Le vice-président de la Commission, Frans Timmermans, a discuté de la crise avec le Tribunal constitutionnel polonais: sa composition, la nécessité de garantir que toutes ses décisions sont publiées automatiquement et l'importance de son fonctionnement efficace. "Pour le moment, le différend n'est toujours pas résolu", a-t-il déclaré, ajoutant que la Commission était prête à poursuivre le dialogue avec les autorités polonaises.
«Nous devons nous rappeler qu'il ne s'agit pas seulement d'un débat contre ou pour la Pologne», a déclaré le membre polonais du PPE Janusz Lewandowski. "Il s'agit d'abus du gouvernement polonais actuel qui représentent une menace pour l'État de droit, et qui finiront également par se retourner contre la société polonaise elle-même." Il est normal que le Parlement européen exprime ses inquiétudes. "
Gianni Pittella, le président italien du groupe S&D, a déclaré à propos du peuple polonais: «Nous nous battons pour vous et avec vous, pas contre vous.

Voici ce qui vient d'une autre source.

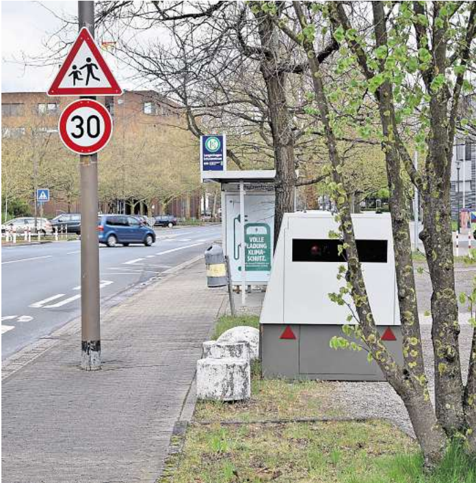
An der Konrad-Adenauer-Straße blitzte es 1622-mal. Im Einsatz: An der Konrad-Adenauer-Straße in Höhe Schulzentrum verrichtete der Blitzeranhänger oft seinen Dienst.

Die bisher höchsten Einnahmen erzielten die drei Langenhagener Blitzer im Jahr 2023. Die

Nous luttons pour la démocratie. "
Ryszard Legutko, membre polonais du groupe ECR, s'est demandé pourquoi un débat sur la Pologne avait lieu à un moment où l'UE était confrontée à tant de défis graves tels que le Brexit. "Vous n'êtes pas en mesure d'accepter le fait qu'il existe des partis et des gouvernements qui ont une opinion différente. Et qu'ils ont parfaitement le droit d'exprimer ces opinions."
Sophie in 't Veld, membre néerlandais du groupe ADLE, a déclaré qu'il était important de discuter de la situation en Pologne: "Cela va droit au cœur de ce qu'est l'Union européenne - l'État de droit, les droits fondamentaux et la démocratie."
Barbara Spinelli, membre italienne du groupe GUE / NGL, a vivement critiqué l'opposition du gouvernement polonais aux immigrants musulmans. «Je ne pense pas que nous nous ingérions dans les affaires polonaises. Nous rappelons qu'il existe des normes auxquelles tout le monde a adhéré en ratifiant les traités. "
Judith Sargentini, membre hollandais du groupe des Verts / ALE, s'est déclarée préoccupée par le fait que, bien que la Pologne se soit récemment tournée vers la démocratie, «vous vous dirigez maintenant dans la direction opposée».
«Laissez la Pologne tranquille. L'ensemble du débat est une attaque brutale contre ma patrie », a déclaré le membre polonais de l'EFDD Robert Iwaszkiewicz.« Ce n'est pas la Pologne qui est le problème pour l'Europe, mais plutôt les politiques désastreuses des élites européennes avec Merkel et Hollande.
Stanisław Żółtek, membre polonais du groupe ENF, a déclaré: «La Commission a oublié son rôle. Les commissaires veulent régner sur ce pays; ils veulent prendre le relais et renverser les gouvernements. "
Zoltán Balczó, membre non inscrit de la Hongrie, a déclaré: "Nous intervenons dans la politique de la Pologne" et, ce faisant, "nous serons en bonne voie pour garantir la destruction de l'UE".